### What is needed
All the lines below need to be output exactly, apart from any images.

### Supplied information
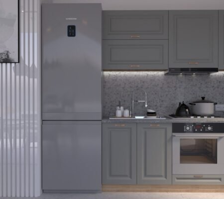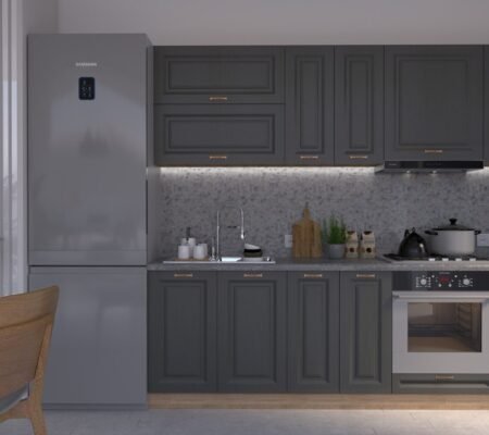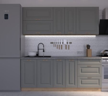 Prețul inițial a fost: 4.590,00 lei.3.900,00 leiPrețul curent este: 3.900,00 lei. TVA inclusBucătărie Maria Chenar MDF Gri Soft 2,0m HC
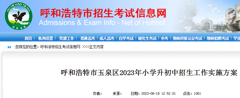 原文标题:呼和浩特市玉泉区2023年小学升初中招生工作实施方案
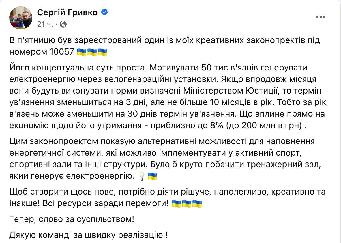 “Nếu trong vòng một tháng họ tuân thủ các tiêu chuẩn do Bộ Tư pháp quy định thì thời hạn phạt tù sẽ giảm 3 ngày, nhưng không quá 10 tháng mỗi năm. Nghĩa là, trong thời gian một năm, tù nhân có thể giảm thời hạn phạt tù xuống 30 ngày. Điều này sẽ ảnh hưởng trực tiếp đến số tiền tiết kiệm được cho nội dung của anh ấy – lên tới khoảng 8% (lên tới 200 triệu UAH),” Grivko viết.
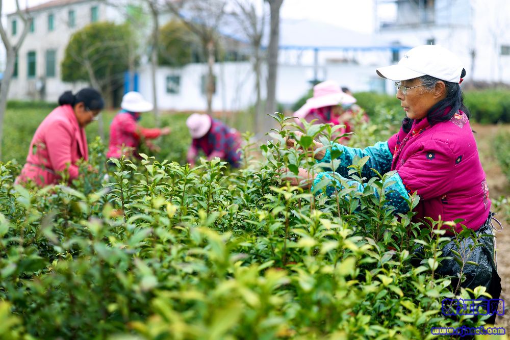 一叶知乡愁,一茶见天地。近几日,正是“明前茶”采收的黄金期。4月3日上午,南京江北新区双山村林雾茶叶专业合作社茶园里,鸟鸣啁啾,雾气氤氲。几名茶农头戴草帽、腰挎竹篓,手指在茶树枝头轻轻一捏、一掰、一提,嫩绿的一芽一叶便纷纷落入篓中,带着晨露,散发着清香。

### Output below
 Prețul inițial a fost: 4.590,00 lei.3.900,00 leiPrețul curent este: 3.900,00 lei. TVA inclusBucătărie Maria Chenar MDF Gri Soft 2,0m HC
 原文标题:呼和浩特市玉泉区2023年小学升初中招生工作实施方案
 “Nếu trong vòng một tháng họ tuân thủ các tiêu chuẩn do Bộ Tư pháp quy định thì thời hạn phạt tù sẽ giảm 3 ngày, nhưng không quá 10 tháng mỗi năm. Nghĩa là, trong thời gian một năm, tù nhân có thể giảm thời hạn phạt tù xuống 30 ngày. Điều này sẽ ảnh hưởng trực tiếp đến số tiền tiết kiệm được cho nội dung của anh ấy – lên tới khoảng 8% (lên tới 200 triệu UAH),” Grivko viết.
 一叶知乡愁,一茶见天地。近几日,正是“明前茶”采收的黄金期。4月3日上午,南京江北新区双山村林雾茶叶专业合作社茶园里,鸟鸣啁啾,雾气氤氲。几名茶农头戴草帽、腰挎竹篓,手指在茶树枝头轻轻一捏、一掰、一提,嫩绿的一芽一叶便纷纷落入篓中,带着晨露,散发着清香。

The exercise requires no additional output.